* [WHAT IS REQUIRED]:
Among the lines below, copy exactly those from the one with "Fitaylor Large Natural" through the one with "- Wing: 3 strands", counting both ends.

* [EXTRACTED MATERIAL]:
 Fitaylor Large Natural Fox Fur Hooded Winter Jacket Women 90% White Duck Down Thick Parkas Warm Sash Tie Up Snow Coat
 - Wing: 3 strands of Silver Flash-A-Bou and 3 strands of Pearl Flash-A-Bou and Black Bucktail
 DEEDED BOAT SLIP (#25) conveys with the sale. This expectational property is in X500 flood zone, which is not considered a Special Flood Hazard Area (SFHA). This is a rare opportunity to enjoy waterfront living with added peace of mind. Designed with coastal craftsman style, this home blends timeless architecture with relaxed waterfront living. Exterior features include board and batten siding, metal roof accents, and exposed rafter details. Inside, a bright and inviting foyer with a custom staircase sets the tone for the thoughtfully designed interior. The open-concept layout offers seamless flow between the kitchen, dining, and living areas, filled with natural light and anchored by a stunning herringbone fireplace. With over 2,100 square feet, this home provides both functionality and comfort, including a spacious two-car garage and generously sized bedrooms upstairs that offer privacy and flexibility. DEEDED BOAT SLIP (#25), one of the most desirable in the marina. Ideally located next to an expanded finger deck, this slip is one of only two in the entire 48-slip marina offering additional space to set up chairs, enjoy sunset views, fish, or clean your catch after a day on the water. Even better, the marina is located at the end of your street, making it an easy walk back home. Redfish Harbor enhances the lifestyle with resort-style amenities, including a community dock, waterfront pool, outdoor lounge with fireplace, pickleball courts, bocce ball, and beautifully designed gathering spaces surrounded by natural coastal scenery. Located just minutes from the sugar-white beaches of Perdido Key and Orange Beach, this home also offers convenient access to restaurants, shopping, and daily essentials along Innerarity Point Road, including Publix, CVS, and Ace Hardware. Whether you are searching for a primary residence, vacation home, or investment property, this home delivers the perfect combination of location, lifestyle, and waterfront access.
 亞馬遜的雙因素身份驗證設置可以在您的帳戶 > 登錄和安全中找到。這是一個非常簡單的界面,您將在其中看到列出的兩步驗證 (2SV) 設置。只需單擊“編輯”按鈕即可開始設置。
* * *
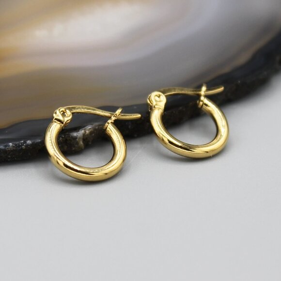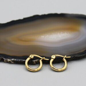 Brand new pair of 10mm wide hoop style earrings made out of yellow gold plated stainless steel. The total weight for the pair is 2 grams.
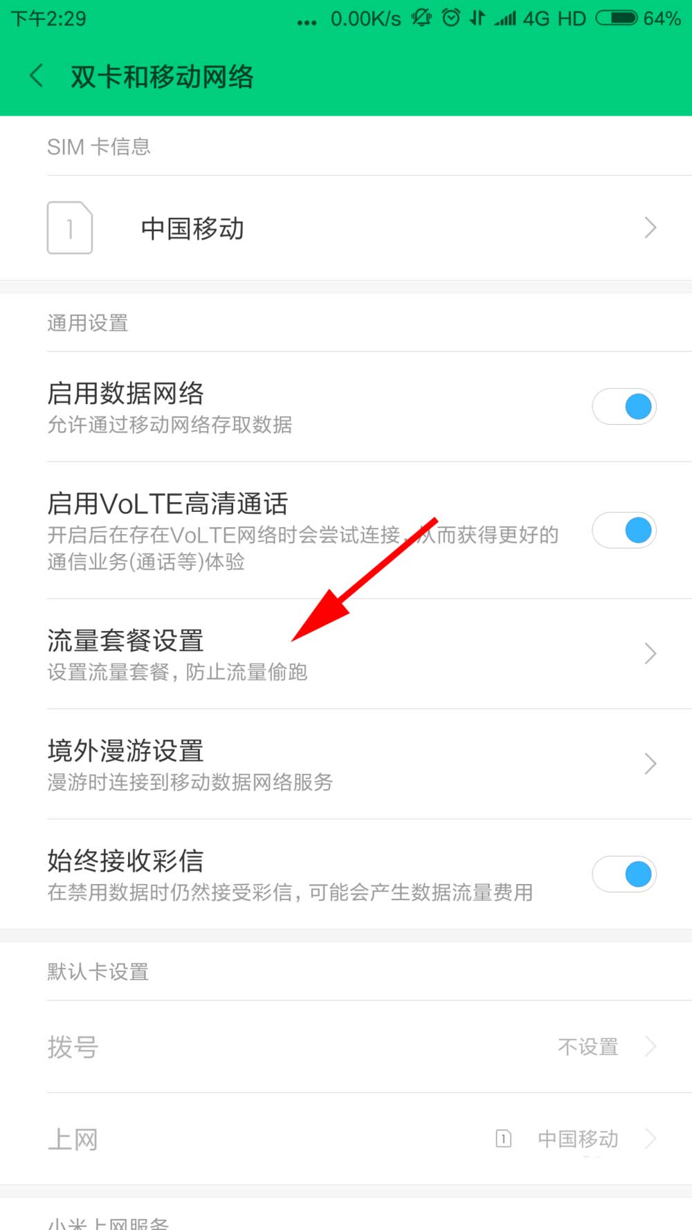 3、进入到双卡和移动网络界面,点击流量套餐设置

* [TASK RESULT]:
 Fitaylor Large Natural Fox Fur Hooded Winter Jacket Women 90% White Duck Down Thick Parkas Warm Sash Tie Up Snow Coat
 - Wing: 3 strands of Silver Flash-A-Bou and 3 strands of Pearl Flash-A-Bou and Black Bucktail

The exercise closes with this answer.